W zasadzie wszystko już wiadomo na początku filmu (scenarzysta postanowił maksymalnie ułatwić sprawę autystycznemu świadkowi morderstwa) i jedyną kwestią nierozstrzygniętą zostaje, w jaki sposób wydobyć wiedzę nt. zabójców od Marthy. Ale jak się okazuje, nie ma z tym większego problemu.
To oznacza ni mniej ni więcej - film sam sobie odebrał jakikolwiek element zaskoczenia, co uczyniło go do bólu przewidywalnym. A że fabuła jest nijaka, produkcji kompletnie brakuje choćby jednego atutu.
Efekty specjalne (jeśli tak można je nazwać) związane z postrzeganiem rzeczywistości przez Marthę wzbudzają pusty śmiech.

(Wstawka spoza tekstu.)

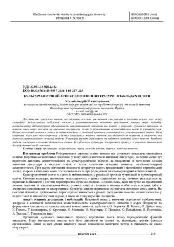 Культурологічний аспект вивчення літератури в закладах освіти.

Na koniec mam pytanie do osób, które obejrzały film.
.
.
[SPOILER]
.
.
W jednej ze scen morderca uprowadza Marthę, pozostawiając w progu domu jej opiekunkę. Dlaczego po prostu ich nie zastrzelił? Przecież o to mu chodziło? Czy coś umknęło mojej uwadze?
.
[/SPOILER OFF]
Nie polecam filmu. Nie wciąga, nie zaskakuje, scenariusz jest wybitnie słaby.